### EXERCISE PROMPT
Omitting every picture, output the records below exactly, please.

### DATA RECORDS
-*-*-
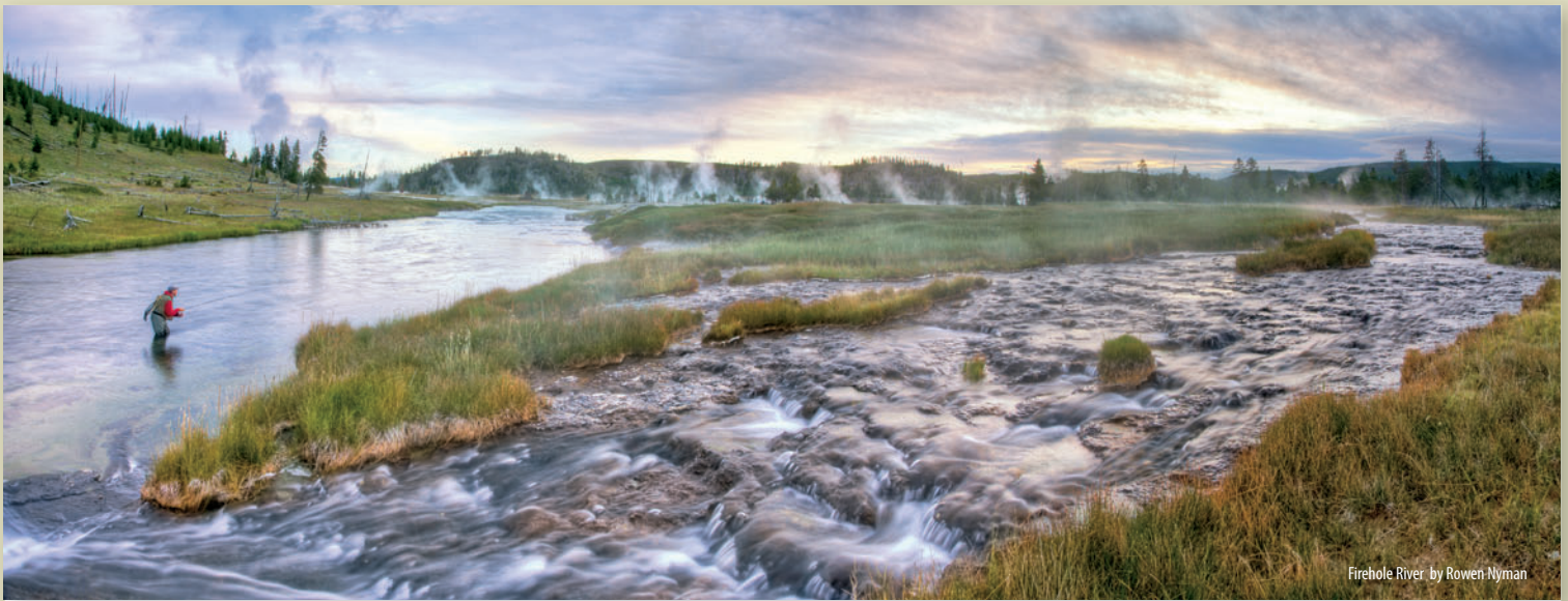
Firehole River by Rowen Nyman
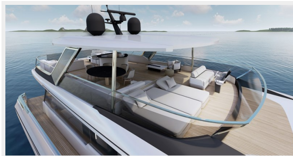
Xcel 70 Flybridge 1
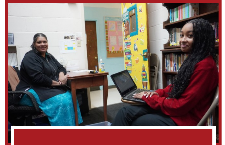
A journalism student holds an interview for the "Eaglets' View."

Besides our core classes, middle school students expand their horizons through electives. Some legacy electives like ASL, chorus and film have been offered for years. Others like blogging, financial literacy, and liturgical dance are relatively new. Each option gives our students a more comprehensive educational experience.
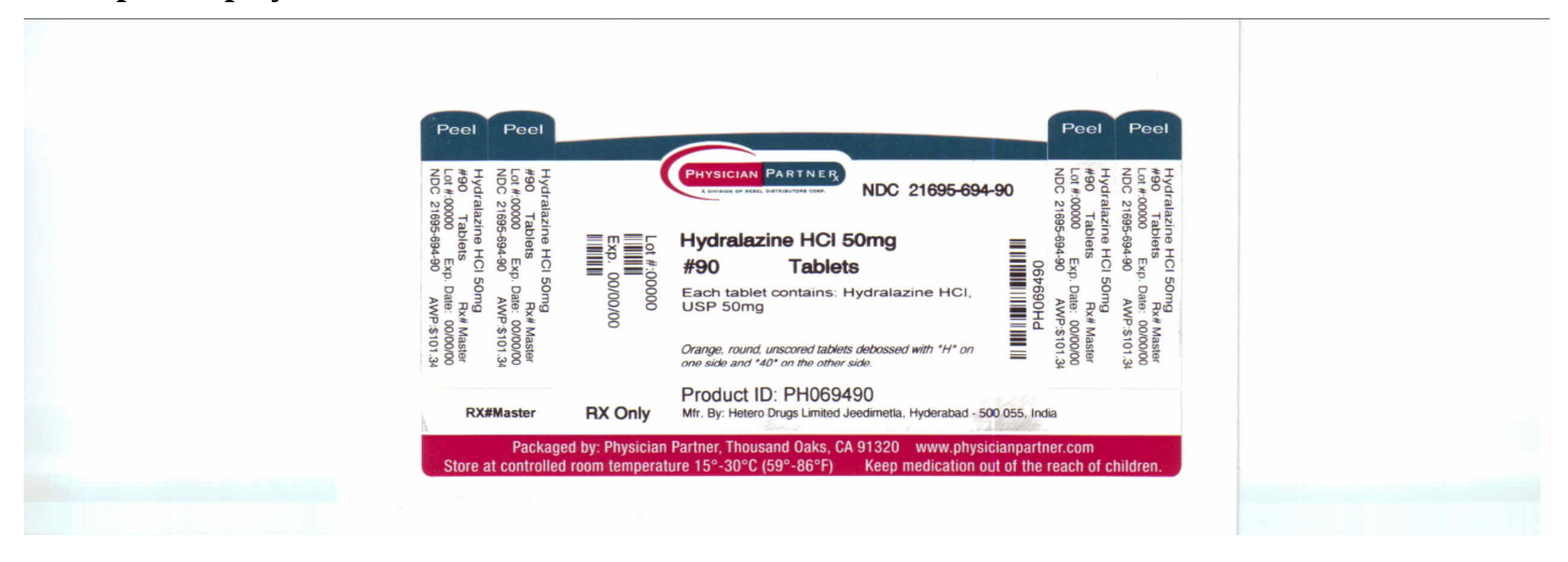
Principal Display Panel
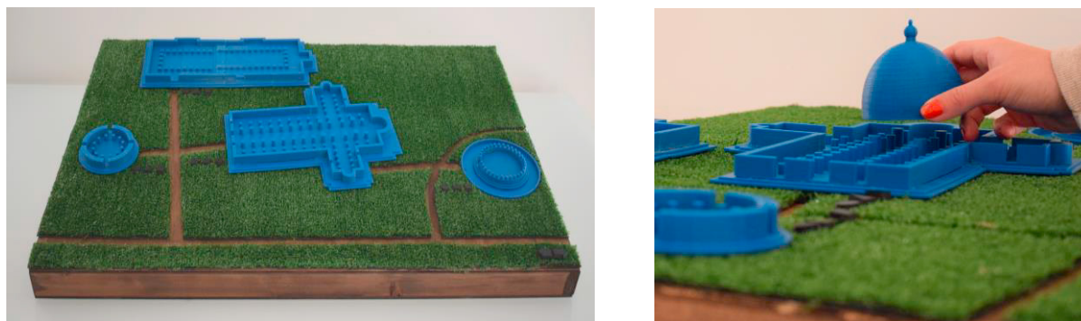
Fig. 1. Left: the model for Piazza dei Miracoli. Right: interaction with the cathedral dome

The device used to manage the interaction user-3D model is Raspberry PI 3, a single-board computer that is a few centimeters wide, with general purpose input/output capabilities. Raspberry is relatively inexpensive and is equipped with WiFi, Bluetooth and several IO pins. The wiring can be simplified using wireless speakers and activating the pull-up and pull-down internal resistors to implement various interaction modalities with the physical buttons. The software is based primarily on Python, is easy to use, and can be easily maintained and updated remotely via WiFi. It was thus possible to integrate Raspberry into the prototype, thereby reducing problems when moving and installing the prototype at the test site.
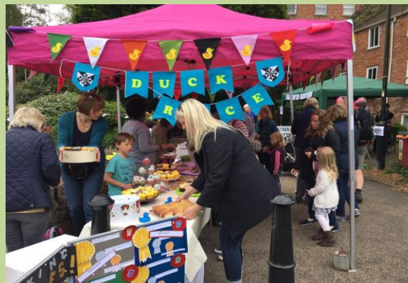
The Famous St Dominic's Duck Race at the Nailsworth Festival 2017
-*-*-
### TASK RESULT
Firehole River by Rowen Nyman
Xcel 70 Flybridge 1
A journalism student holds an interview for the "Eaglets' View."

Besides our core classes, middle school students expand their horizons through electives. Some legacy electives like ASL, chorus and film have been offered for years. Others like blogging, financial literacy, and liturgical dance are relatively new. Each option gives our students a more comprehensive educational experience.
Principal Display Panel
Fig. 1. Left: the model for Piazza dei Miracoli. Right: interaction with the cathedral dome

The device used to manage the interaction user-3D model is Raspberry PI 3, a single-board computer that is a few centimeters wide, with general purpose input/output capabilities. Raspberry is relatively inexpensive and is equipped with WiFi, Bluetooth and several IO pins. The wiring can be simplified using wireless speakers and activating the pull-up and pull-down internal resistors to implement various interaction modalities with the physical buttons. The software is based primarily on Python, is easy to use, and can be easily maintained and updated remotely via WiFi. It was thus possible to integrate Raspberry into the prototype, thereby reducing problems when moving and installing the prototype at the test site.
The Famous St Dominic's Duck Race at the Nailsworth Festival 2017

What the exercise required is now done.